Part of the reason soccer has this incredibly demanding top tier, said Rick Eckstein, a professor of sociology at Villanova and author of _How College Athletics Are Hurting Girls’ Sports_, is that it’s one of the most commercialized of youth sports; it contains a flourishing industry of tournament directors, private club and travel teams, and assorted soccer-related businesses whose financial interest is served by the status quo. And unlike basketball, say, which also has a sturdy commercial presence, soccer has developed so that the top players are identified and nurtured only through clubs.

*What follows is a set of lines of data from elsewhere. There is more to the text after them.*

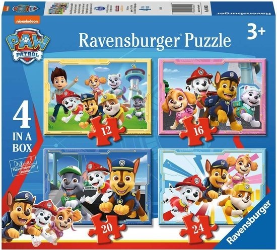 Ontsnap uit de realiteit en stap in de wereld van Ravensburger puzzels. Tijdens het puzzelen ontdekken kinderen hun grootse vaardigheden. Maak wel 4 verschillende puzzels met de speciale 12+16+20+24 puzzle box van Ravensburger! Dankzij de met de hand gemaakte stansmessen is de vormvariatie van de stukjes oneindig. Kinderen vanaf 3 jaar zullen genieten van de Paw Patrol:Puppies op pad puzzels met 12, 16, 20 en 24 stukjes. Ravensburger puzzels met 12, 16, 20 en 24 stukjes met als thema Paw Patrol.
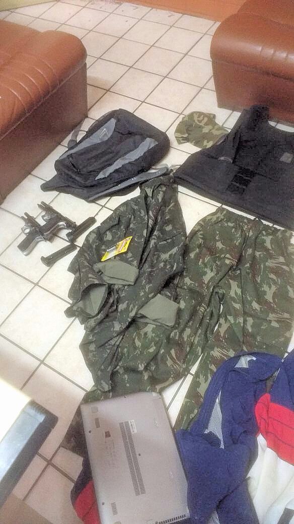casa, em seguida os policiais revistaram o interior da residência, encontrando 01 colete, gandolas do exército e 03 bananas de emulsão TNT (dinamite), ao
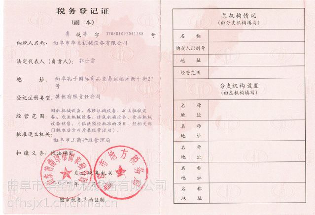 | 登记机关 | 曲阜市工商行政管理局 | 法定代表人 | 郭士雷 |
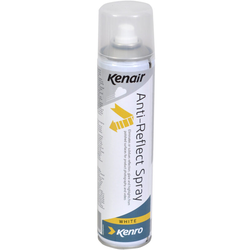 Kenair Anti-Reflect spray reduces reflections and glare in product photography and is specifically for white reflective surfaces.
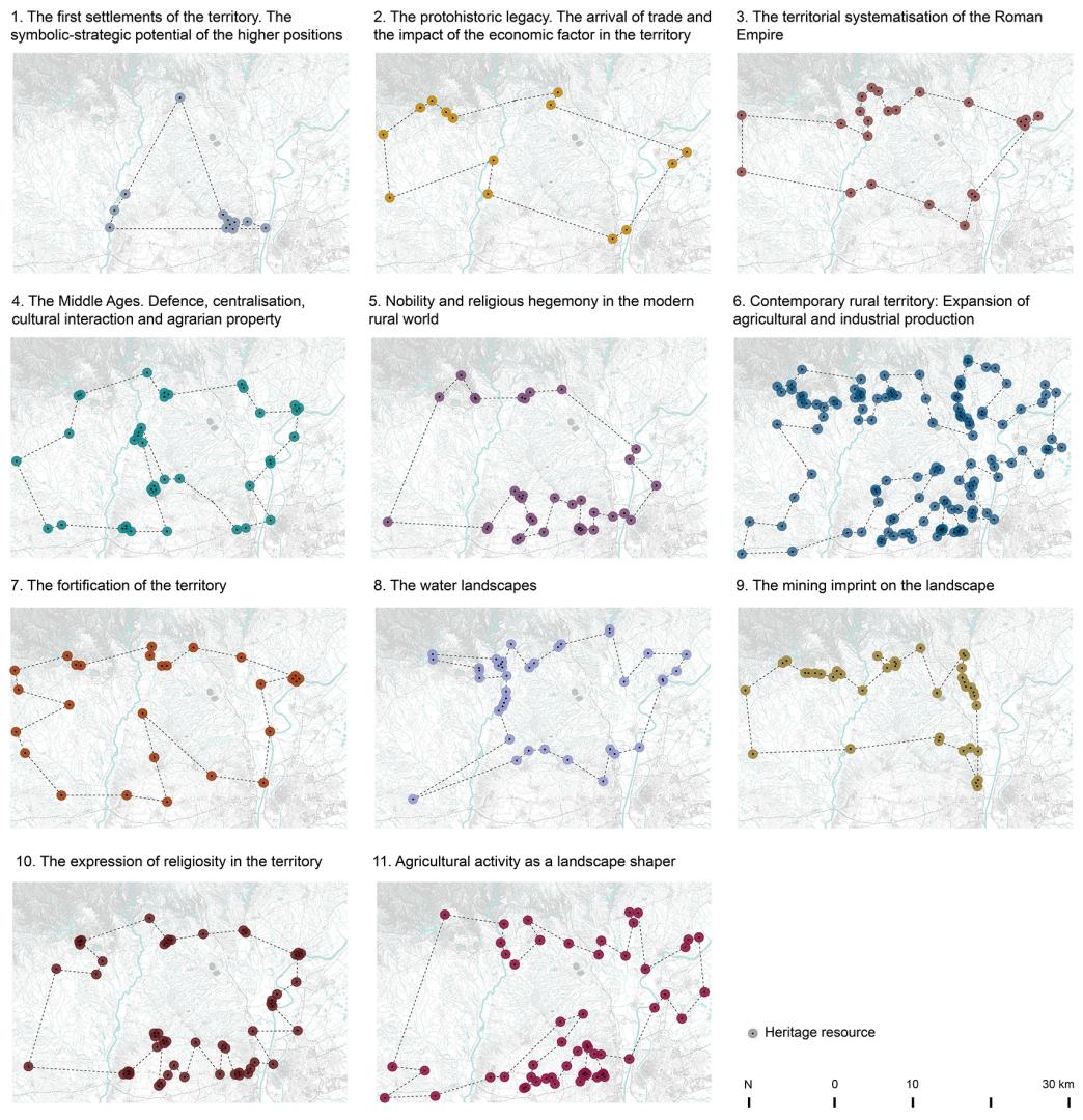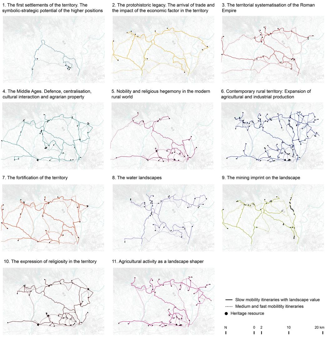 The extensive mesh of identity manifestations that define, in each place, its characteristic landscape is made up of singular heritage pieces of special historical and artistic value, but also by an extensive set of historical permanences scattered throughout the territory that, although they do not have the singularity of the most outstanding pieces, express in an integrated way the particularity of a territory and its history. All these local heritage traces cannot be covered by the heritage protection scheme because they would collapse a system that is focused on safeguarding the singular, but they could be addressed within a landscape-based strategy. Promoting strategies for recognizing and valuing the heritage structure that underlies any landscape, beyond its most singular components, is vital because it ensures the permanence of the differentiating features of the landscapes and thus contributes to maintaining diversity, identity, uniqueness, cultural richness, sense of place and sense of belonging. Under this premise, an app design is proposed. It aims is to offer an enjoyable experience that allows communities to discover their local heritage and the stories associated with it. The app has mainly three functions: to recognize and locate the complex mesh of local heritage pieces of a landscape (1); to organize the local heritage pieces on the basis of thematic landscape networks. Each network tells a particular story about the landscape that can be read or listened directly in the app (2); to ‘spatialize’ the stories: the app will connect the heritage pieces of each network-story through the existing slow mobility structure (3). In this way, different thematic cultural routes are created so that the local population can access on foot or by bicycle the heritage. It also offers local administrations a resource to promote their heritage and landscape through experiences that combine an open-air recreational activity with cultural leisure.
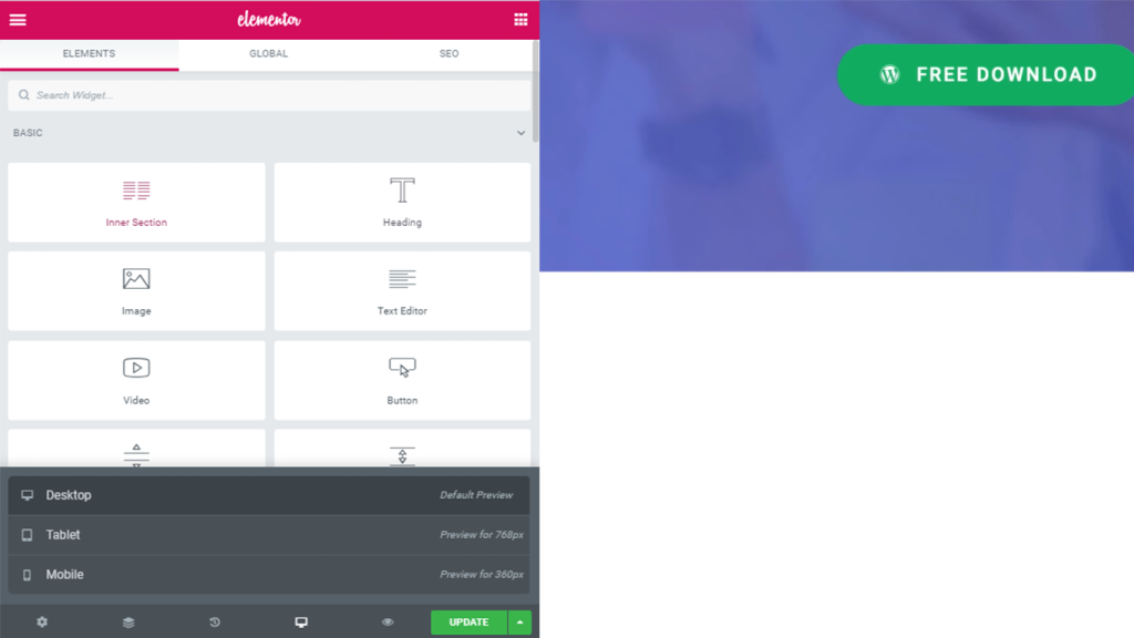 The free version of Elementor is SEO and mobile-friendly, along with some handy tools to make your job easy.
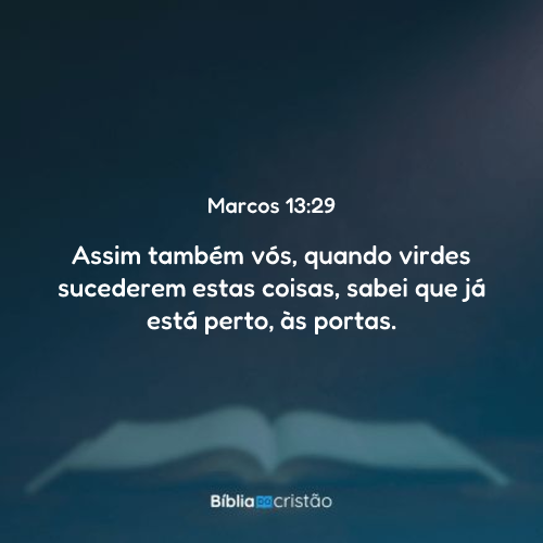 Dessa mesma maneira, assim que observardes esses sinais ocorrendo, sabei que o tempo está próximo, já às portas.
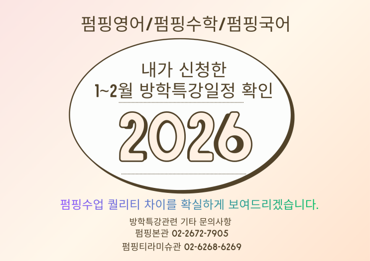 안녕하세요 펌핑 영어·수학학원입니다. 이번 겨울방학 동안 본 학원은 방학 없이 정상 운영되며, 방학특강 수업을 통해 학생들이 부족한 학습 부분을 보완하고 새로운 학습 영역을 익힐 수 있도록 지도하고자 합니다. 해당 특강 요일을 확인하시어 자녀의 학습 일정에 참고해 주시기 바랍니다. 본 학원은 정원을 초과하지 않는 소수 정원 맞춤형 수업으로 운영되며, 학생 개개인의 학습 수준과 특성을 고려한 밀착 지도를 통해 책임감 있게 수업을 진행하고있습니다. 아울러 방학특강의 경우 결석 시 별도의 보강 수업이 제공되지 않으므로, 원활한 수업 진행을 위해 가급적 결석하지 않도록 학부모님의 협조를 부탁드립니다. 앞으로도 학생 한 명....... <img src="https://blogthumb.pstatic.net/MjAyNTEyMjhfMjMz/MDAxNzY2ODgxMjQ2ODQ3.MK0MPdAGH6a5m8wH8D68GScxVohVTdzuGYVfX2e2-PYg.gZmX2QE7Uj4SPWAirHFDO5ZOJzBFB5jQIbJoW3i63OYg.PNG/%B9%E6%C7%D0%C6%AF%B0%AD_%C0%CF%C1%A4%C8%AE%C0%CE1.png?type=s3" />
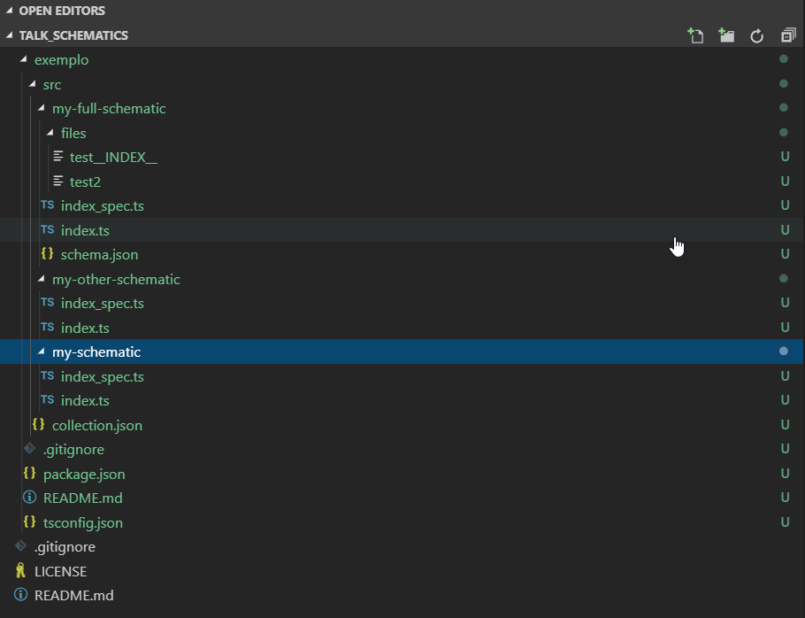 npm i -g @angular-devkit/schematics-clischematics schematic --name exemploschematics blank --name meuSchematic{
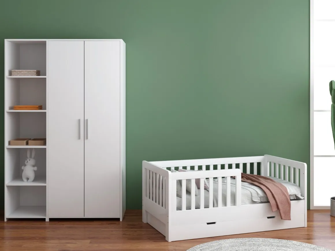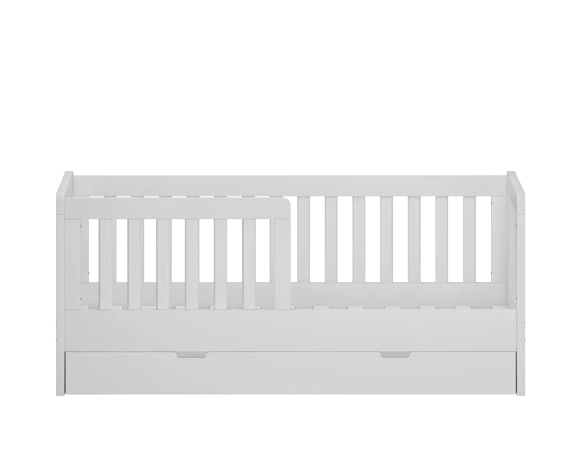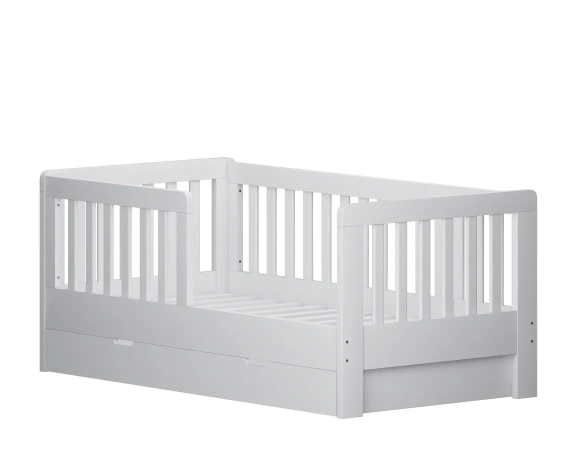 Peuterbed Joan biedt een veilige en stijlvolle slaapplek voor je kindje. Het peuterbed heeft een strakke witte kleur, waardoor het mooi zal staan in iedere ruimte. Het bed biedt niet alleen optimaal comfort, maar ook slimme opbergruimte dankzij de handige lade onder het bed. Hierin kan speelgoed, beddengoed of wat anders overzichtelijk worden opgeborgen. Ideaal voor een opgeruimde kinderkamer!
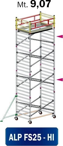FRIGERIO CARPENTERIE - Ponteggio alluminio professionale 255x135 con 1 piano e staffe di montaggio M9,07.
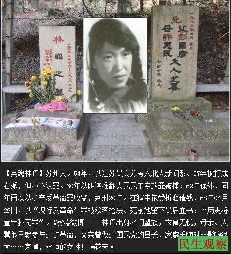 附简介:林昭,原名彭令昭,苏州人。1954年,以江苏最高分考入北大新闻系。1957年被打成右派,但拒不认罪。6年后以阴谋推翻人民民主专政罪被捕;1962年保外,同年再次以扩充反革命罪收监,判刑20年。在狱中饱受折磨催残,1968年04月29日,以“现行反革命”罪被秘密枪决。
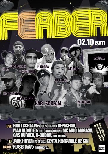 “FEABER” 2月よりBELTの偶数月第2土曜にレギュラーとして始まる “FEABER” HAB I SCREAM & KEEオーガナイズによる新イベントで、チバのヒップホップ大フィーバー!をもくろんでいる。 今までチバになかった一夜になる事は必至で、毎回チバ内外から駆けつけるアーティスト達がフレッシュな内容でお出迎え♪ LIVE: ■HAB I SCREAM (SOUL SCREAM) ■SEPACHAN ■MAD BLOODED (The CornaStones) ■MC MUG ■MAGASA ■GAS BURNER ■H-COBRA and more... DJ: ■JACK HERER (妄走族) ■KENTA ■K
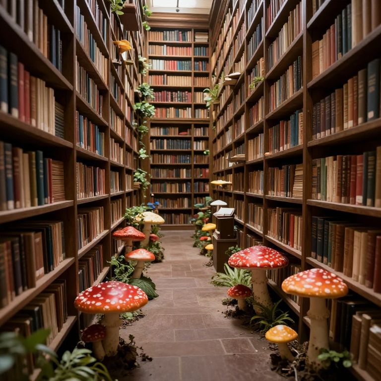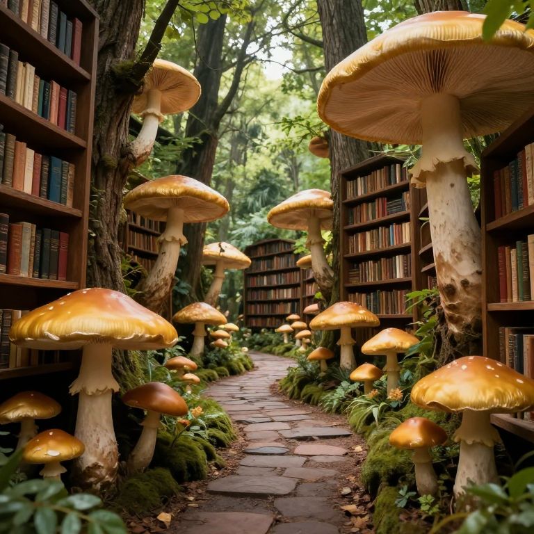 A chandelier of floating toadstools illuminates a subterranean library where books whisper their contents aloud and readers never age.

While college-basketball coaches still scout players at gyms and high schools, their counterparts in soccer rely on “showcase” tournaments to fill out their teams. “Soccer is the poster child for hyper-commercialized youth sports because it is played across the country and across the world, it has extraordinarily high participation levels, and is equally commercialized for girls and boys,” Eckstein wrote in an email.


----------



## Soccer43 (Jul 14, 2018)

interesting article - comment at the end about Belgium is very pertinent to today in light of their bronze medal win in the World Cup:

_"Eighteen years ago, Belgium’s national football (the European term for soccer) team lost in the first round of the World Cup. It was a staggering failure, which prompted the national director of coach education, Kris Van der Haegen, to overhaul the way they trained football coaches. The main principle of the new approach was to put the players first, before coaches or teams, and to “create an environment of freedom” that restored the game’s creativity and fun. In 2015, Belgium became the world’s top-ranked team."_

US Soccer with the GDA has taken the fun and creativity out of girls youth soccer and does not put the players first - could learn something from Belgium


----------



## LASTMAN14 (Jul 14, 2018)

Soccer43 said:


> interesting article - comment at the end about Belgium is very pertinent to today in light of their bronze medal win in the World Cup:
> 
> _"Eighteen years ago, Belgium’s national football (the European term for soccer) team lost in the first round of the World Cup. It was a staggering failure, which prompted the national director of coach education, Kris Van der Haegen, to overhaul the way they trained football coaches. The main principle of the new approach was to put the players first, before coaches or teams, and to “create an environment of freedom” that restored the game’s creativity and fun. In 2015, Belgium became the world’s top-ranked team."_
> 
> US Soccer with the GDA has taken the fun and creativity out of girls youth soccer and does not put the players first - could learn something from Belgium


Totally agree. France and Germany did something similar.


----------



## Grace T. (Jul 14, 2018)

You can have your soccer developmental, competitive and/or cheap.  Pick 2.


----------



## Dr. Richard Hurtz (Jul 14, 2018)

Bullshit article. Who cares. First of all high school soccer sucks. It’s only three months long and your son or daughter isn’t gonna care when they’re older about missing out on high school soccer. I played all four years when I was in school. I never think about it. Second of all the birth year having to be changed.. who cares.  My son doesn’t care about being on a team with his class mates. I’m sure everyone here on this forum son or daughter rather be on a team surrounded with good ballers instead of their class mates stinking up the field. I can’t tell you how many different teams my son has been on looking to improve his game... and you know what’s funny?? The good kids always find each other again as team mates as they get older. And please... if you’re so worried about concussions,  then don’t play god damn it. Little boys getting hurt by heading soccer balls is a myth. It’s not from heading soccer balls.. if they do get hurt it’s cause they bump into other boys heads, and usually it’s from getting knocked from another boy who doesn’t even know how to play the damn game. It’s usually just a kid out there hacking everyone running around trying to be Superman trying to show his athleticism superiority. Soccer isn’t like that. Soccer is a finesse sport and good soccer minds know this. Oh and for the USA could Learn something from Belgium...  well we did!!  We hired the same audit consultantion firm “Double Pass” that Belgium did to help rebuild their soccer structure. Now we, the United States are being audited as I type. Oh and look what happened. Belgium won and came in third today. Sorry for the rant. But this article is just bulshit and it’s people who write about soccer who don’t even know about the sport. Just stupid. I’m a parent and my son plays cause he wants to and I support that. I’m not here trying to compete with my neighbors Range Rover and his sons club team. My son plays for his love of the game. As a parent I support that.


----------



## justneededaname (Jul 14, 2018)

Dr. Richard Hurtz said:


> My son doesn’t care about being on a team with his class mates.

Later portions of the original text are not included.